There are many ways to mourn the dead. Some people drown themselves with alcohol, some cry for weeks on end, some cry for months on end. Personally, I like to write poetry because I’m a sensitive guy. So, when my beloved grandfather passed away, I wrote my feelings into a very personal poem. I even read the thing at his funeral. The only problem is people keep telling me the poem seems like it’s about a fart.

So for the last time, let me set the record straight – it’s not about a fart! Who writes poetry about farts? No one. And if they did, would they read it at their grandfather’s funeral? No way, Jose. Unless, maybe, their grandfather was, like, really into farts. Mine was not, rest his soul.

Now, granted, there are some lines in the poem that, taken by themselves, may sound like they’re describing flatulence. For instance, a lot of people have questioned the line “I can still hear your rumply noise; I can still smell your Brown Scent”. I can maybe, maybe see how that could give off a whiff of fart, but it’s all about context. Allow me to enlighten you. The rumply noise refers to my grandfather’s loud snoring. I always remember him falling asleep in his chair, sending that sound rumpling right out of his nose. And the Brown Scent? That’s his cologne. We’d always give him a new bottle every year for Christmas. Kind of has a woodsy smell to it. Keep in mind, I read this to a room full of people who were very familiar with my grandfather. They should have known these things about him.

Guess not.

I wish I could say that was the only stanza of my poem that escaped scrutiny, but, regrettably, it was not. I caught a lot of flack for “Sometimes loud and embarrassing, sometimes gentle and relieving”. While, yes, these are qualities that can be attributed to a fart in certain cases, there is an array of other things to which they can apply. Say, I don’t know…my grandfather!

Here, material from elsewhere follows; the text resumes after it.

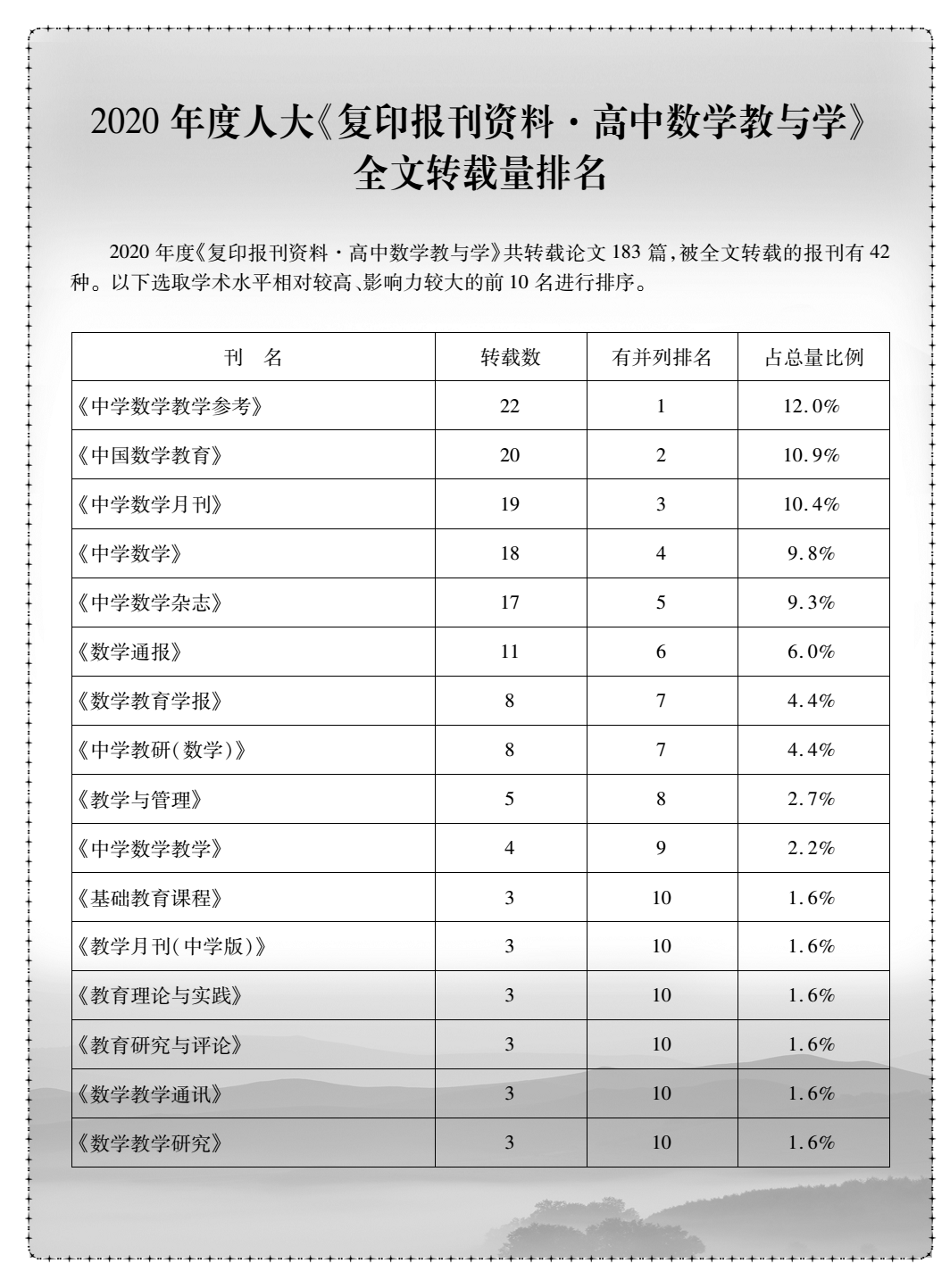 《中学数学杂志》2020年度被人大复印报刊资料全文转载量排名再创新高

And I thought that “You hang thick in the air, and I gasp for breath” was a beautiful metaphor for the inescapable nature of my grandfather’s memory. But it looks like everyone else just has a one-track mind, and on that track is the toot train.

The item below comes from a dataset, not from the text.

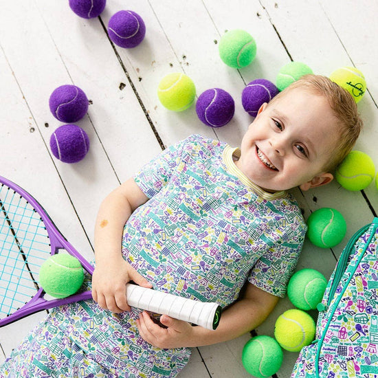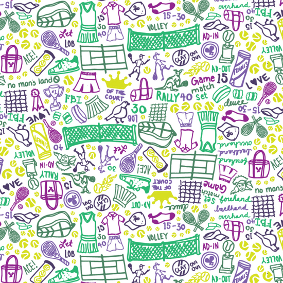 Serve up sweet dreams of Tennis in these Two Piece Pajamas! Exploring Eliza's hand-drawn print is like watching a rally, don't take your eye off the ball or you will miss all of the clever nods to the great sport cleverly represented in her print! Game, set, match - you'll be dreaming of ace serves in these tennis pj's!

I suppose it didn’t help any that the title of the poem is “An Ode to an Old Fart”, but that’s what we called him! We were always like, “Hey, Old Fart, how’s it going?” or “Watch out for all those moving cars, Old Fart!” or “I’m sorry, honey, Old Fart has passed away”.

And I guess I shouldn’t have written the poem right after eating three bean burritos. There could be a chance that the consequent indigestion may have influenced my writing in some subconscious way. But on second thought, no. I don’t even think that was a factor. I wrote what I wrote to honor Old Fart. My diction was deliberate, and I like to think he’s up there somewhere looking through a cloud with a smile on his face. Every time I feel a warm wind on my face, I imagine it’s his presence. His memory is always with me. As I say in the poem, “You’re here with me until your vapor disappears”.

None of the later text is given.